▶ WORK TASK
Using the records below, transcribe exactly only the lines from the one with "Introducing our 3-piece" through the end, both included, and drop every picture.

▶ PROVIDED DATA
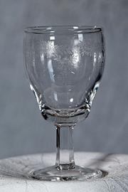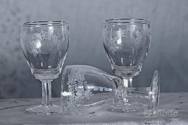 Set di 6 bicchierini in vetro trasparente, finemente decorati con motivo decorativo di ghirlande floreali e rose stilizzate che cingono la parte superiore di ogni coppa. La tecnica di serigrafia/incisione è tipico del periodo Liberty o Edoardiano, prodotte da manifatture come Baccarat (Francia) o la Cristalleria Val d'Elsa (Italia).
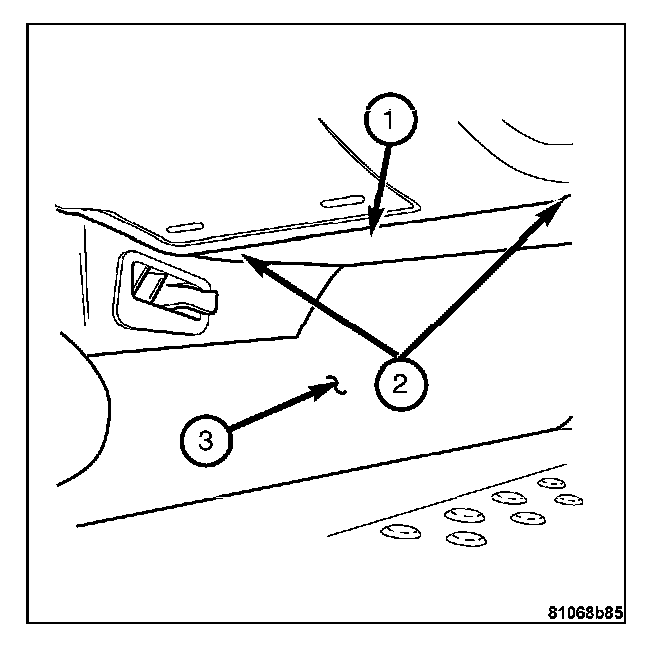 1. Remove the lower instrument panel cover (2) from the instrument panel (1).
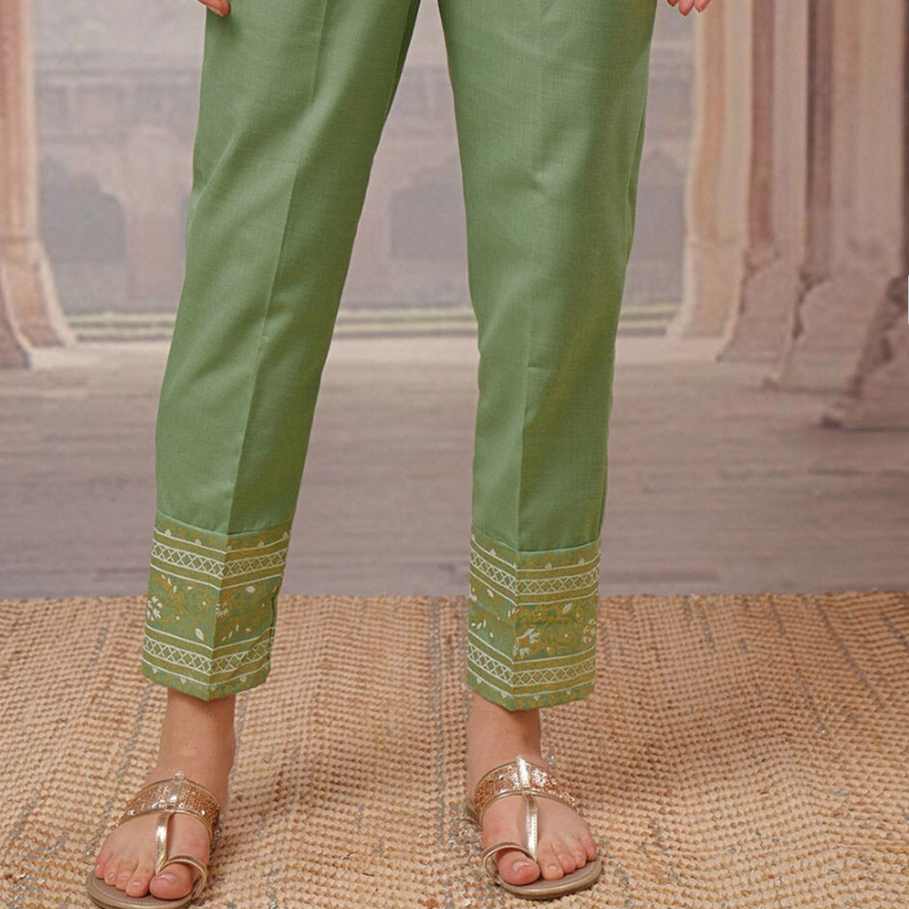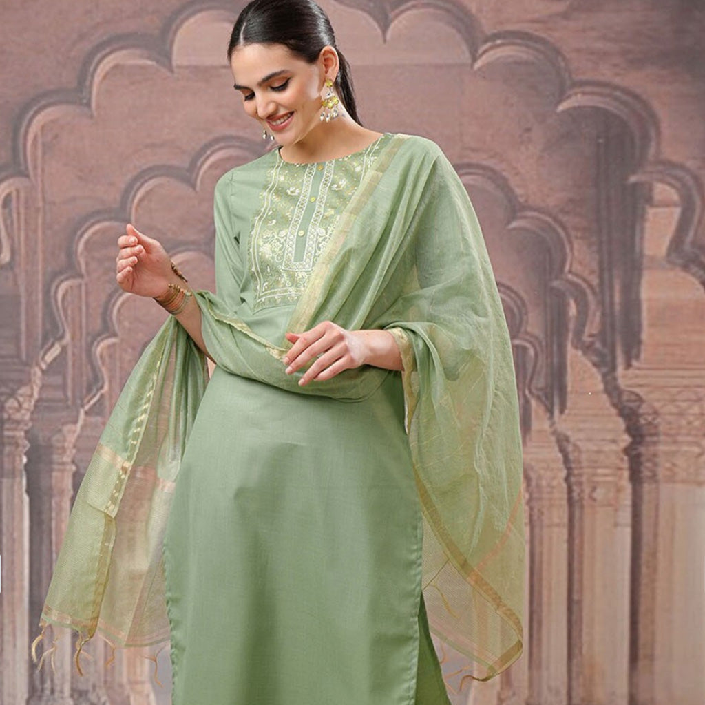 Introducing our 3-piece churidar set which consists of a kurtha top, wide-leg pants and a dupatta. This refreshing green color is perfect for outdoor parties and festive gatherings!
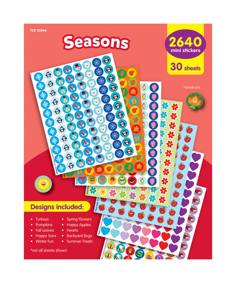 - Includes 2,640 mini stickers: motivate students all year round with these seasonal mini stickers! Pack includes 2,640 in the following designs: turkeys, pumpkins, fall leaves, happy suns, winter fun, spring flowers, happy apples, hearts, backyard bugs, and summer treats. Stickers measure about 7/16" in diameter.
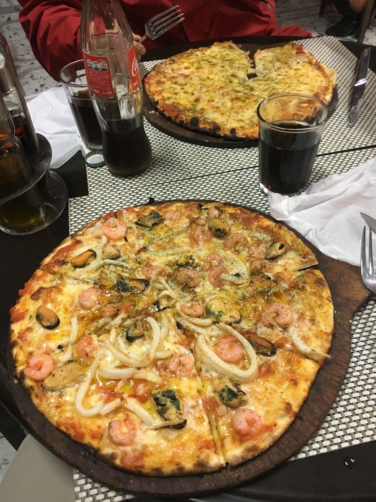 Morocco-2017 -- Marrakech - Ville Nouvelle - "best pizza in town" - Farouk's seafood pizza
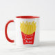 Express your love for fries with the I'm Just Here For The French Fries Mug designed by Enchantfancy Design Company. This funny design features a fast-food style fry container filled with french fries.
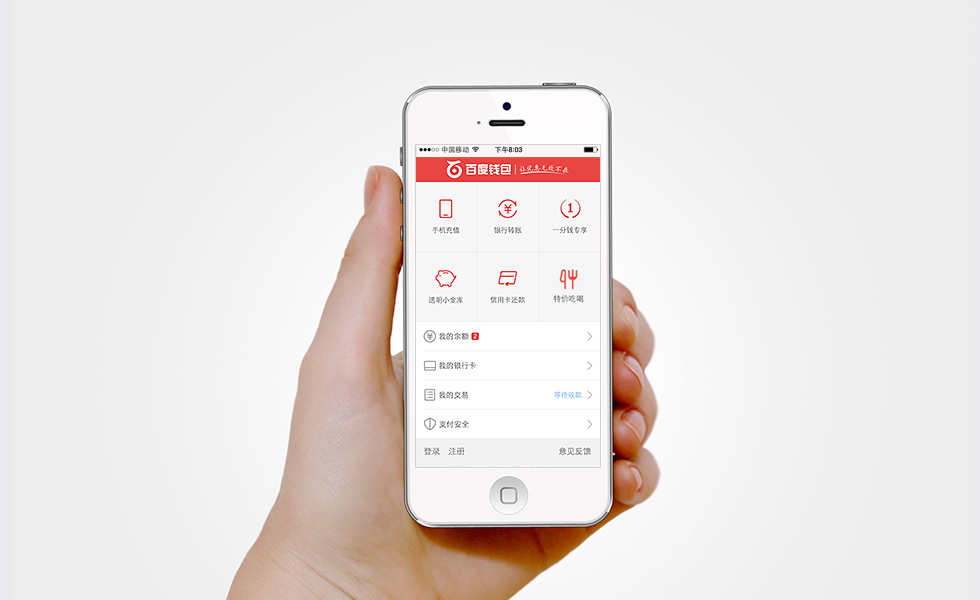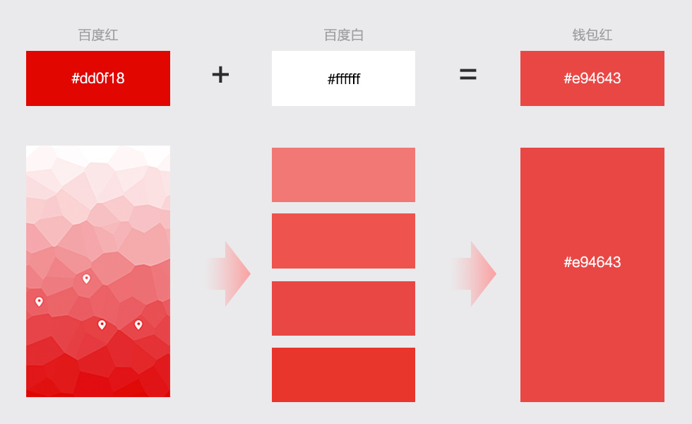 红色是百度钱包品牌色,同时也是百度三大品牌色之一,红色既能体现百度钱包子产品的品牌,也能突出百度的品牌;“钱包红”和“百度红”两种颜色整体饱和度过高,在产品中大面积使用后,长时间的阅读会产生压抑和抵触感,所以在两种品牌色基础上,加入“百度白”进行融合。经过对融合颜色的尝试和筛选,最终确定百度钱包移动页面红色为:#e94643,为品牌定义色。

▶ SOLUTION TO THIS TASK
 Introducing our 3-piece churidar set which consists of a kurtha top, wide-leg pants and a dupatta. This refreshing green color is perfect for outdoor parties and festive gatherings!
 - Includes 2,640 mini stickers: motivate students all year round with these seasonal mini stickers! Pack includes 2,640 in the following designs: turkeys, pumpkins, fall leaves, happy suns, winter fun, spring flowers, happy apples, hearts, backyard bugs, and summer treats. Stickers measure about 7/16" in diameter.
 Morocco-2017 -- Marrakech - Ville Nouvelle - "best pizza in town" - Farouk's seafood pizza
 Express your love for fries with the I'm Just Here For The French Fries Mug designed by Enchantfancy Design Company. This funny design features a fast-food style fry container filled with french fries.
 红色是百度钱包品牌色,同时也是百度三大品牌色之一,红色既能体现百度钱包子产品的品牌,也能突出百度的品牌;“钱包红”和“百度红”两种颜色整体饱和度过高,在产品中大面积使用后,长时间的阅读会产生压抑和抵触感,所以在两种品牌色基础上,加入“百度白”进行融合。经过对融合颜色的尝试和筛选,最终确定百度钱包移动页面红色为:#e94643,为品牌定义色。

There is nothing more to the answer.